Ev tozunda bulunan 44 kirleticiyi değerlendiren bilim insanları, şişmanlığa yol açan en güçlü etkiyi gösteren kimyasalların; piraklostrobin (bir böcek ilacı); tert-bütil-fenil difenil fosfat (TBPDP), alevlenme zorlaştırıcı ve dibutil fatalat (DBP, bir plastikleştirici) olduğunun altını çizdiler. 3 μg gibi çok az miktardaki toz bile (çocukların maruz kaldıkları günlük toz miktarının çok altında) ölçülebilir etkilere neden oldu.
 

ABD Çevre Koruma Dairesi (EPA) verilerine göre, çocuklar her gün 50 mg ev tozu yutuyor. Solunan, sindirilen ya da deri yoluyla vücuda geçen ev tozu içinde muhtemelen EBK’lar da mevcut. Çevresel etik ve sürdürülebilir çevre yönetimi profesörü olan Heather Stapleton liderliğindeki Duke Üniversitesi takımı, ev tozunda EBK’ların mevcut olduğunu teyit etti. Buna ilaveten Dr. Stapleton’un takımı, ev tozunun metabolik sağlığın bozulmasına yol açmaya muktedir olan muhtemel kimyasallara maruz kalmaya yol açabileğini gösterdi.
 

”EPA’nın, çocuklar tarafından maruz kalınan toz seviyelerinin bile altındaki konsantrasyonlarda ev tozunda görülen adipojenik faaliyet tahmini, bunun insan sağlığına olan etkileri konusunda endişeleri arttırıyor. Özellikle çocuklar üzerindeki muhtemel etkileri endişe verici,” diyor çalışmanın yazarları. ”Bizim sonuçlarımız alışılmadık bir potansiyel sağlık tehdidini ortaya koyuyor ve bu faaliyete katkıda bulunması olası olan YUOK’ları, bu durumun nedeni olarak belirliyor.”
 

Metabolizmayı bozan kimyasallar, obezite ve bunlarla bağlantılı metabolik bozukluklar arasındaki ilişki, bir kaç yıl önce Parma Üniversitesi’ndeki bir çalıştayda tartışma konusu olmuştu.
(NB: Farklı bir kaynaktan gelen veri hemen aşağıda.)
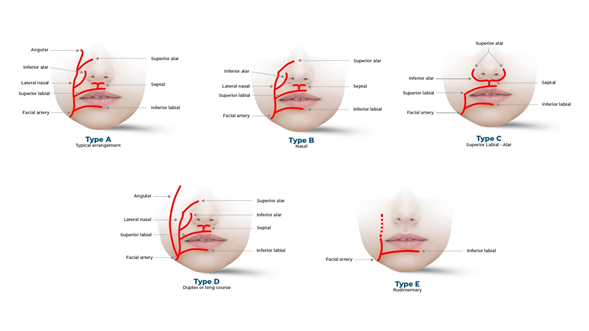 Figure 1 Anatomical variations of terminal branches of the facial artery, five types A to E. Loukas M, Hullett J, Louis RG Jr, et al. A detailed observation of variations of the facial artery, with emphasis on the superior labial artery. Surg Radio Anat. 2006 Jun;28(3):316-24.
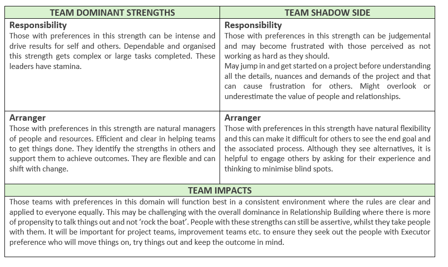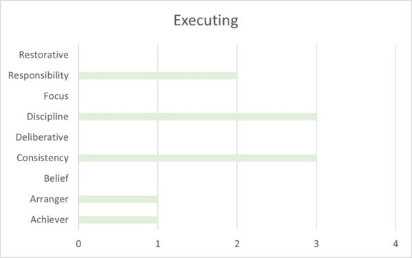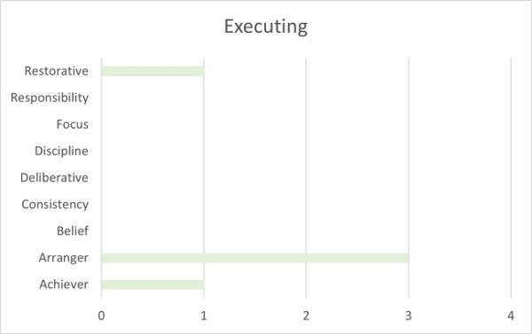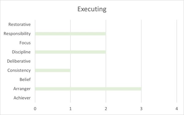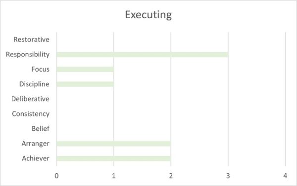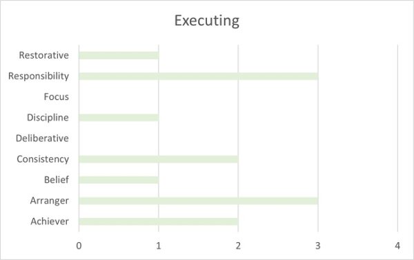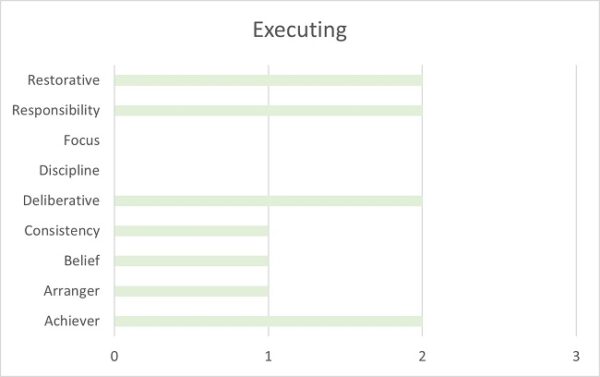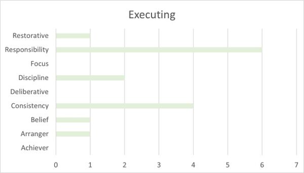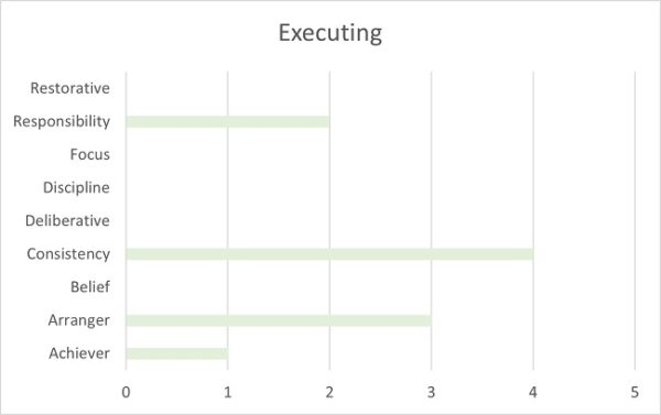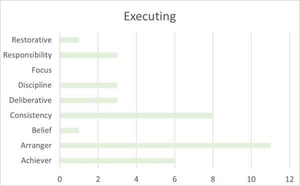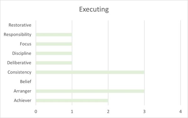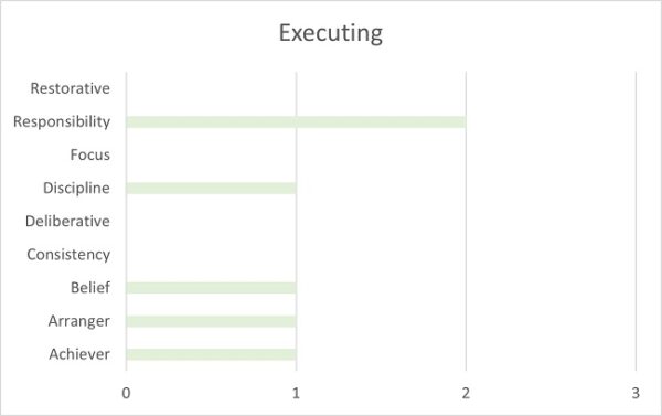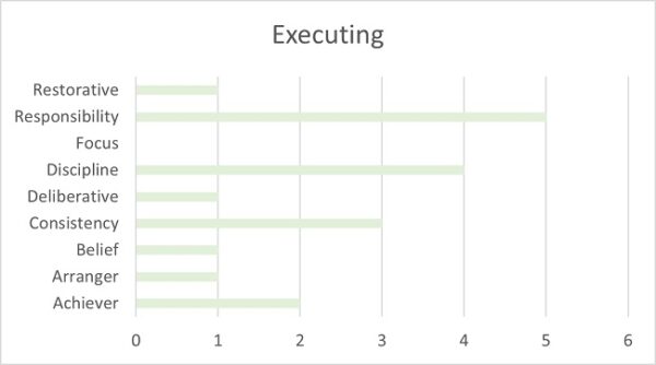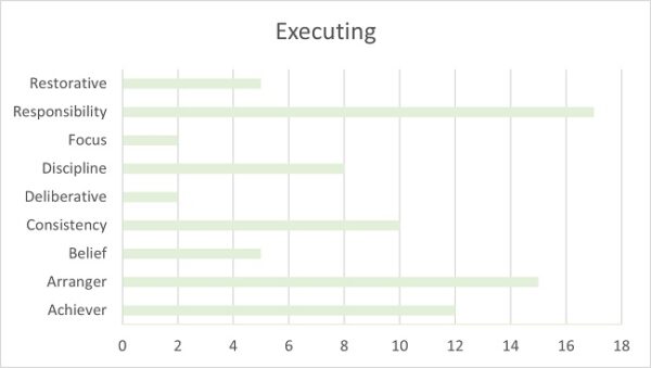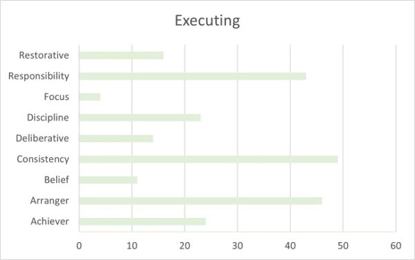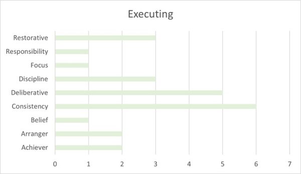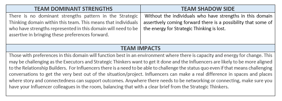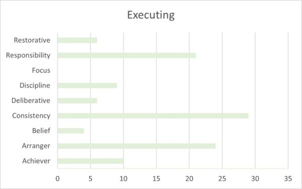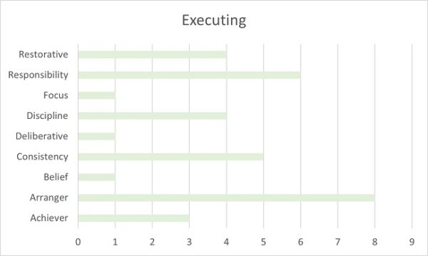 • Executing: Teams that have a dominant strengths profile in this key domain know how to rally around a goal and get things done. Differing strengths might dictate the style of getting to the goal, but teams who have strengths in this area make a massive contribution to things happening.
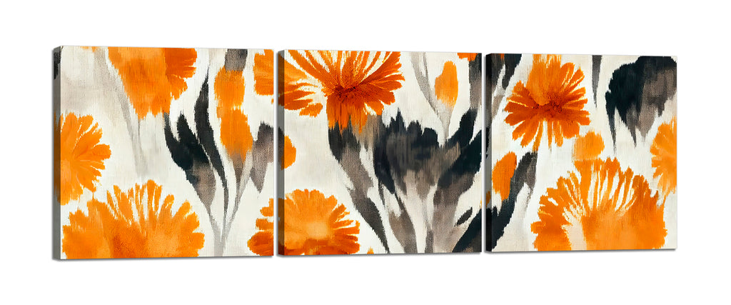 Quadri Stampa su Tela con Telaio in Legno 3 pezzi Fiori astratti colorati
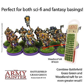 A special scatter resembling grass or light moss. Can be used to cover the entire base or in smaller clumps on top of Brown Battleground.
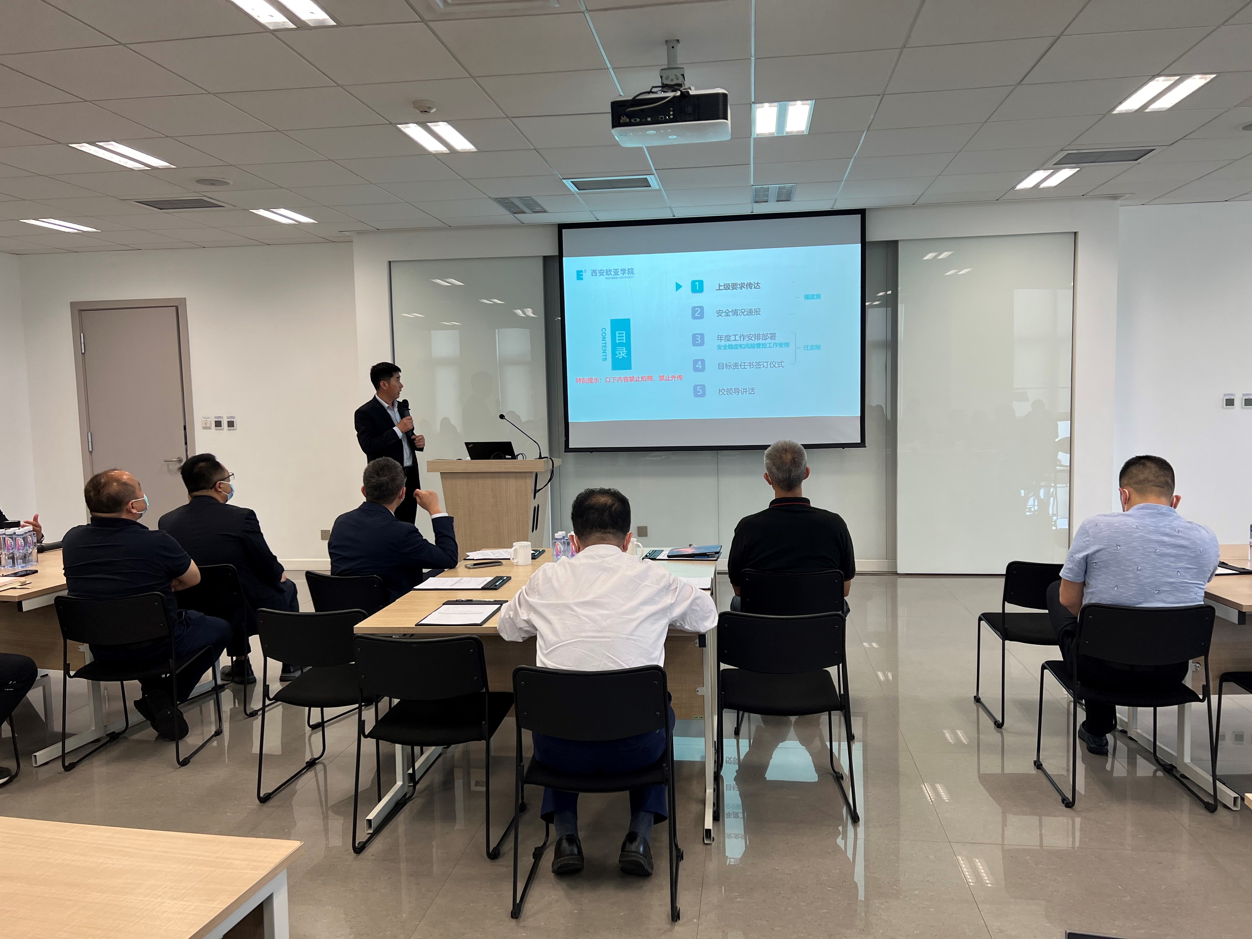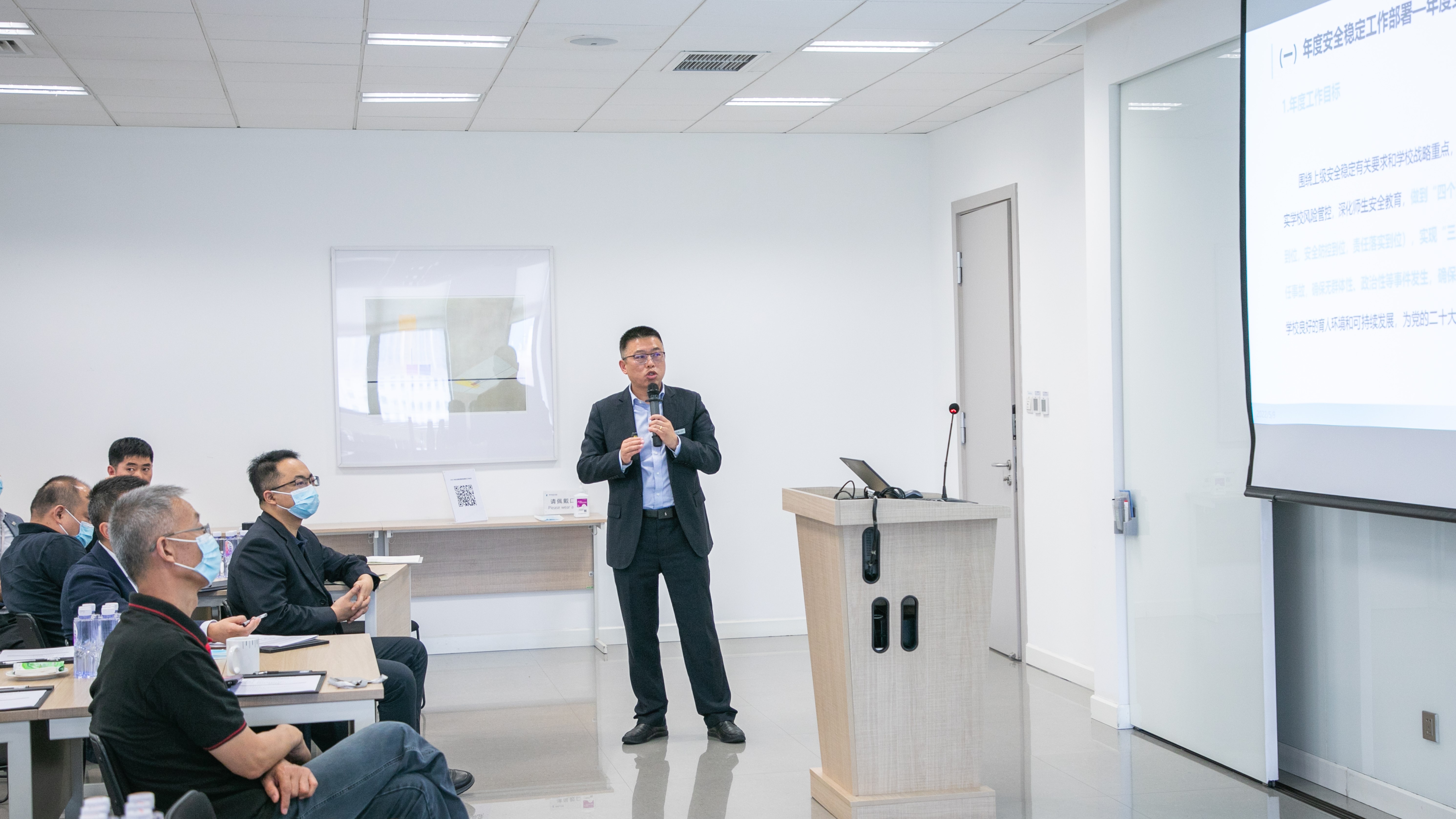他强调,各部门要紧紧围绕“以学生为中心的办学理念”,全面贯彻落实习近平总书记总体国家安全观,从政治安全、运营安全、社会安全、疫情防控等方面抓落实,承担守土有责、守土负责、守土尽责的责任,以我们的实际行动迎接党的二十大胜利召开。
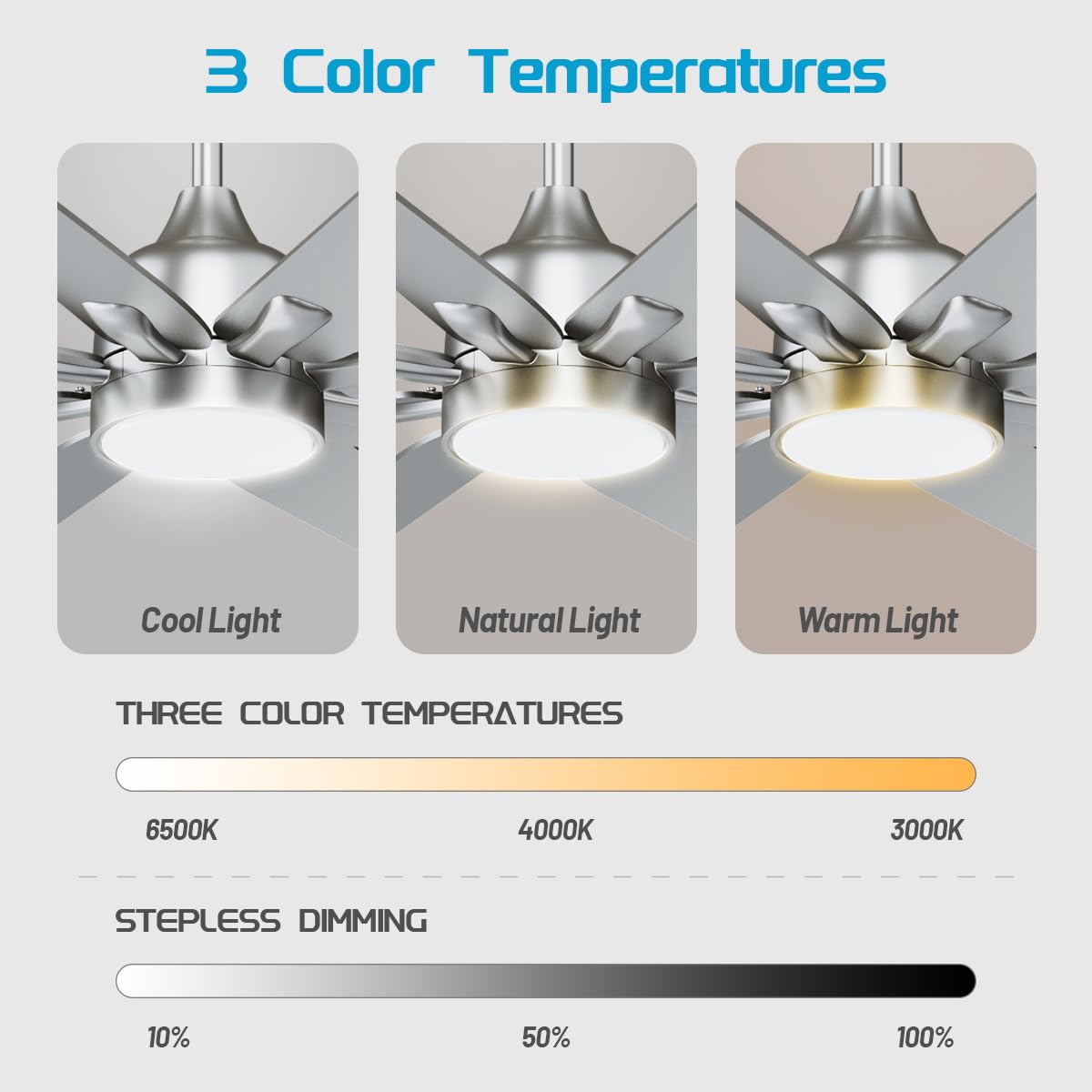 - Dimmable LED: Large Ceiling fans use a 24W LED light source. There are 3 color temperatures to choose from (3000K warm yellow light / 4000K natural light / 6500K cool white light) with adjustable brightness (20%-100%). You can use different color temperature and brightness when you are partying, working or reading.
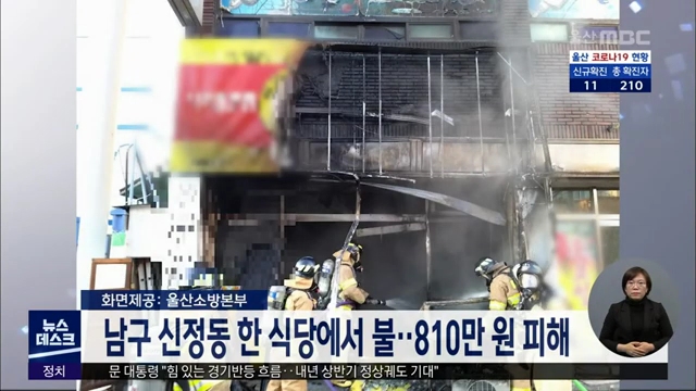 오늘(12/1) 오전 7시 35분쯤 남구 신정동의 한 식당에서 불이 나 건물 일부 등을 태워 소방서 추산 810만 원의 재산 피해를 내고 10분 만에 꺼졌습니다. 소방당국은 식당 주인 등을 상대로 화재 발생 경위를 조사하고 있습니다. //
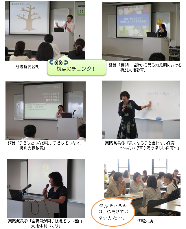 1 講話「要領・指針から見る幼児期における特別支援教育」 2 講話「子どもとつながる、子どもをつなぐ、特別支援教育」 3 実践発表①「気になる子と言わない保育~みんなで育ちあう楽しい保育~」 4 実践発表②「全職員が同じ視点をもつ園内支援体制づくり」 5 情報交換「第2日の実践報告にむけて」 |
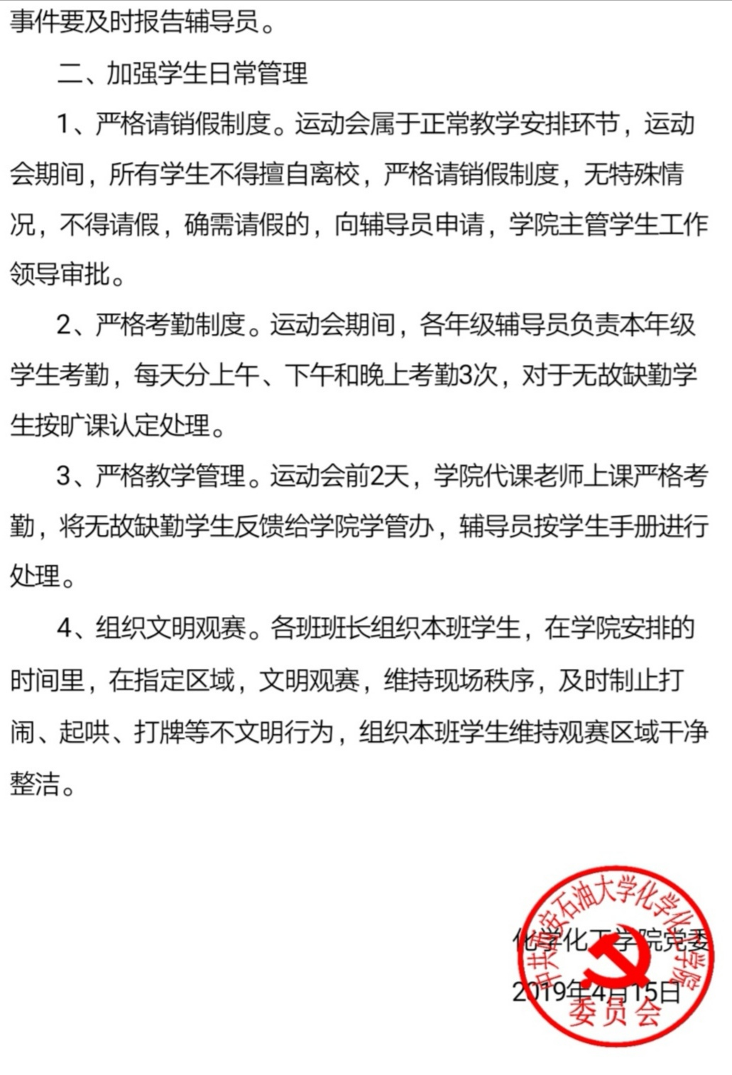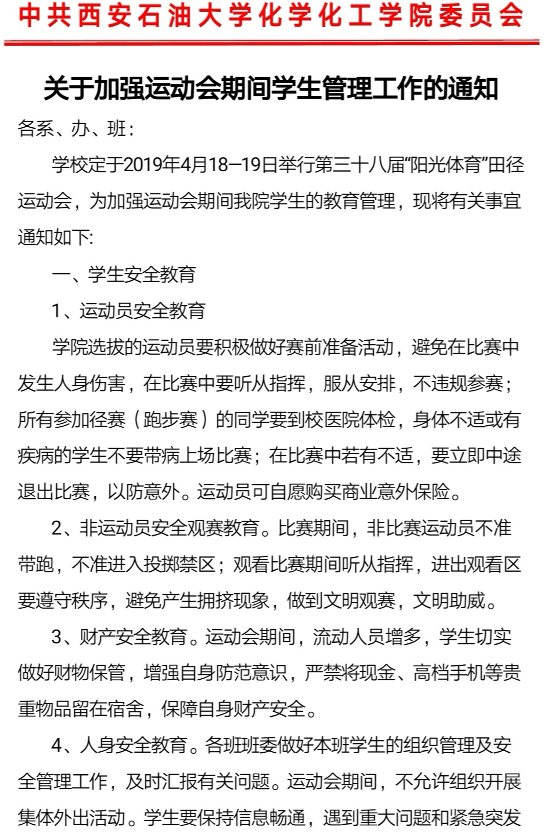 【学生工作】关于加强运动会期间学生管理工作的通知

Çalıştayda, gelecekte metabolizmayı bozan maddelerin etkilerinin nasıl detaylandırılacağını açıklayan bir ”Parma konsensus makalesi” yayınlanmıştı.
 

”Geçtiğimiz on yıllarda vücut kompozisyonunda meydana gelen önemli değişiklikleri açıklayabilen, bilinen bir genetik mekanizma bulunmuyor,” diye belirtiliyor çalıştay makalesinde. ”Bu yüzden, gen ifadesi ve çevresel nedenlerden meydana gelen epigenetik izlerdeki stres, uyuşturucu bağımlılığı (örneğin nikotin) gibi değişikliklerin tanımlanması ve gelişme çağında karşılaşılan (uterusta ve çocukluğun erken safhalarında) bir dizi endokrin bozucu kimyasal maddenin, hayatın ileri dönemlerindeki metabolik hastalığa yakalanma riski ile ilişkisi, önemli bir odak noktası oldu.”